> [Problem statement] Using the material below, repeat exactly the lines from the one with "米みそ、豆みそ、麦みその3種" through the one with "Number: 03**** |", ends included, without any images.

★ ★ ★ ★

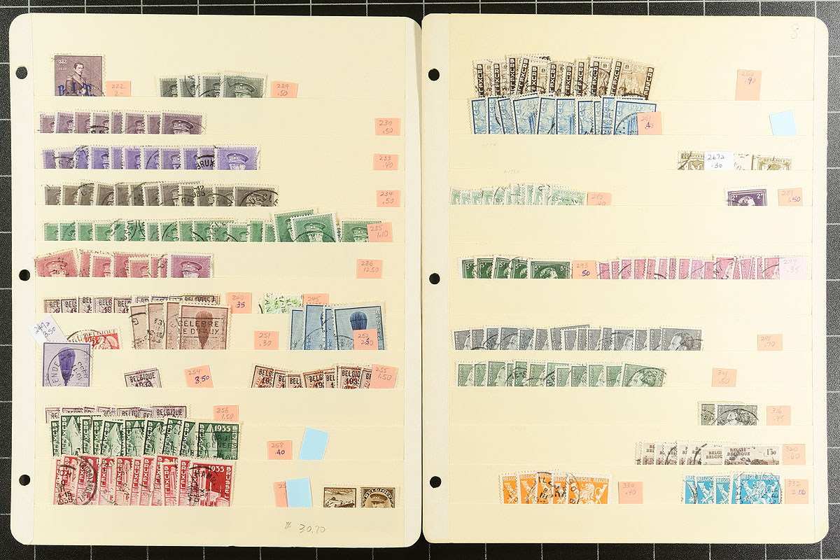 Neatly organized used wholesale accumulation of regular Belgian issues (there is a touch from the "back of the book") in quantities up to a dozen of each. There are better throughout, such as #16 (x9), #25b, #26b, #72 (x5), #91 (x11) and more. Plus there are lots of terrific cancels throughout. All with Scott numbers and 2023 catalogue prices on 17 manila stockpages. Great for building or upgrading collections or stocks. Estimate =
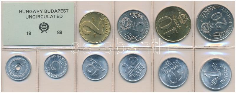1989. 2f-20Ft (10xklf) érmés forgalmi sor fóliatokban T:1 Adamo FO22 https://www.darabanth.com/hu/337-Gyorsarveres/337.0/Numizmatika/Magyar-es-magyar-verdejelu-fem-es-ezustpenzek~1500009/1989-2f-20Ft-10xklf-ermes-forgalmi-sor-foliatokban-T1-Adamo-FO22~II1891833
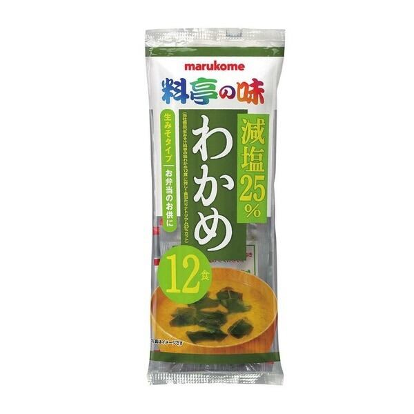 米みそ、豆みそ、麦みその3種のみそをかつおだしベースで調味し、わかめを練り込んだ減塩タイプの即席生みそ汁です。手軽に減塩わかめのおみそ汁がお楽しみいただけます。
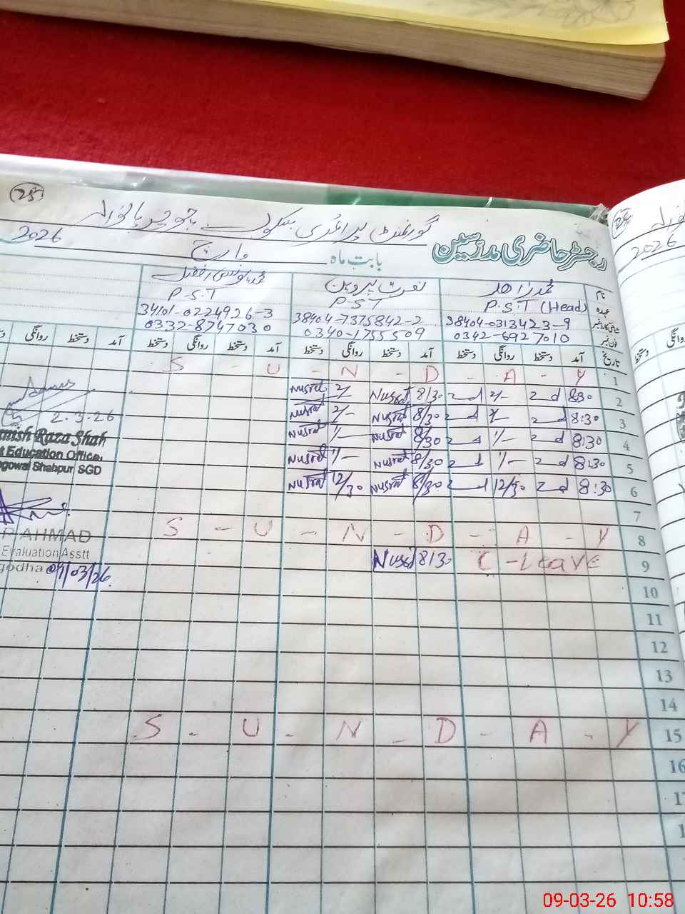 | Name: NU**** PA**** Designation: (School Headmaster's/Headmistress's) PST Phone/Cell Number: 03**** |
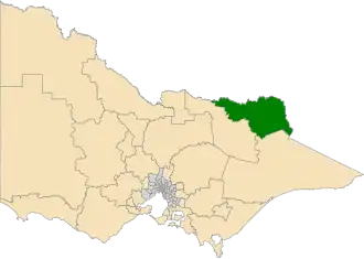 The electoral district of Benambra is one of the electoral districts of Victoria, Australia, for the Victorian Legislative Assembly. It covers an area of 10,037 square kilometres (3,875 sq mi)[1] in north-eastern Victoria. The largest settlement is the city of Wodonga. Benambra also includes the towns of Baranduda, Barnawartha, Beechworth, Chiltern, Corryong, Eskdale, Kiewa, Mitta Mitta, Mount Beauty, Rutherglen, Tallangatta, Tangambalanga, Tawonga, Wahgunyah, and Yackandandah. It lies in the Northern Victoria Region of the upper house, the Legislative Council.[1]
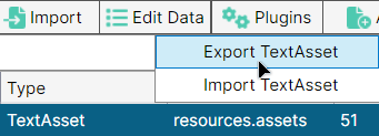 У TextAsset зберігаються практично будь-які текстові дані. Це можуть бути власні формати рядків або табличні дані у вигляді CSV чи TSV, структурований JSON чи формат з тегами XML. Такий асет можна експортувати двома варіантами:
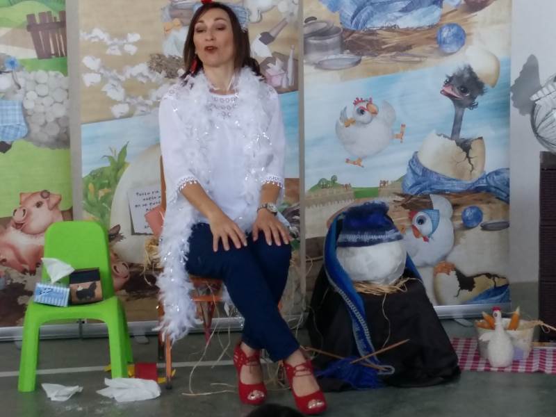 Αυτή τη φορά, παρουσίασε το παιδικό της βιβλίο «Ποιος θα πάρει το αυγό;» με τη συνοδεία μουσικού, του κυρίου Στάθη Γκατζούρα.
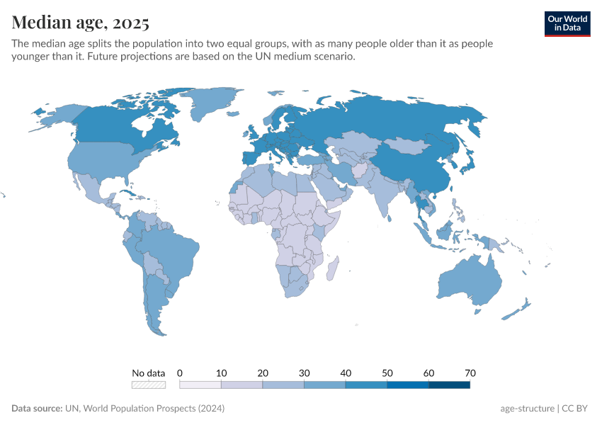 Lower-income countries tend to have a lower median age. This is because they have a younger and faster growing population overall.
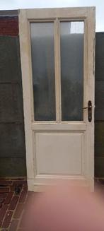 Dit zijn 2 zware oude volhouten paneeldeuren met glas. 1 Deur is met helder glas en de andere deur is met geslepen glas afmetingen
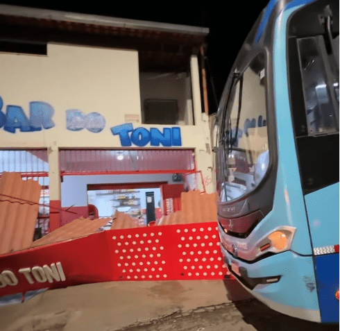 Um ônibus da empresa Transporte Cisne Vita atingiu a placa de um bar e arrancou parte do telhado do estabelecimento no fim da tarde desta terça-feira (17), no bairro Fênix, em Itabira.
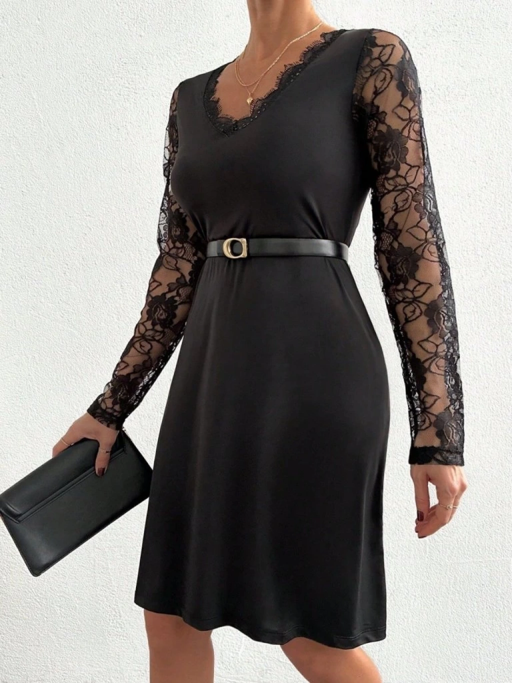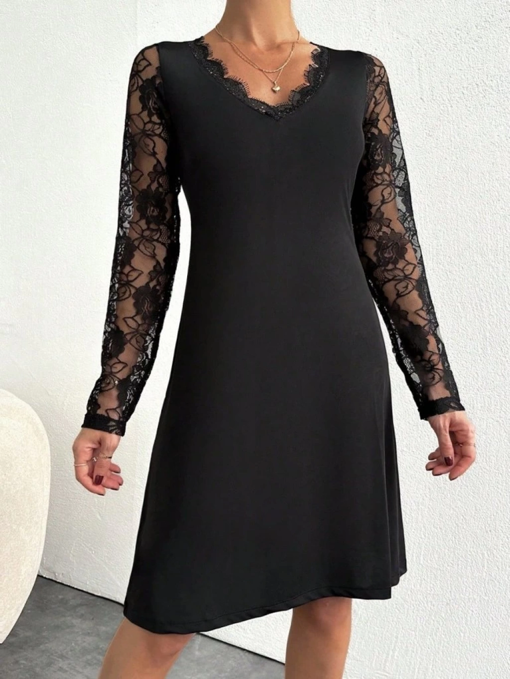 Kadın Uzun Kollu Yaka Ve Kol Dantel Detay Sandy Mini Boy Elbise

★ ★ ★ ★

> [Task output]
 米みそ、豆みそ、麦みその3種のみそをかつおだしベースで調味し、わかめを練り込んだ減塩タイプの即席生みそ汁です。手軽に減塩わかめのおみそ汁がお楽しみいただけます。
 | Name: NU**** PA**** Designation: (School Headmaster's/Headmistress's) PST Phone/Cell Number: 03**** |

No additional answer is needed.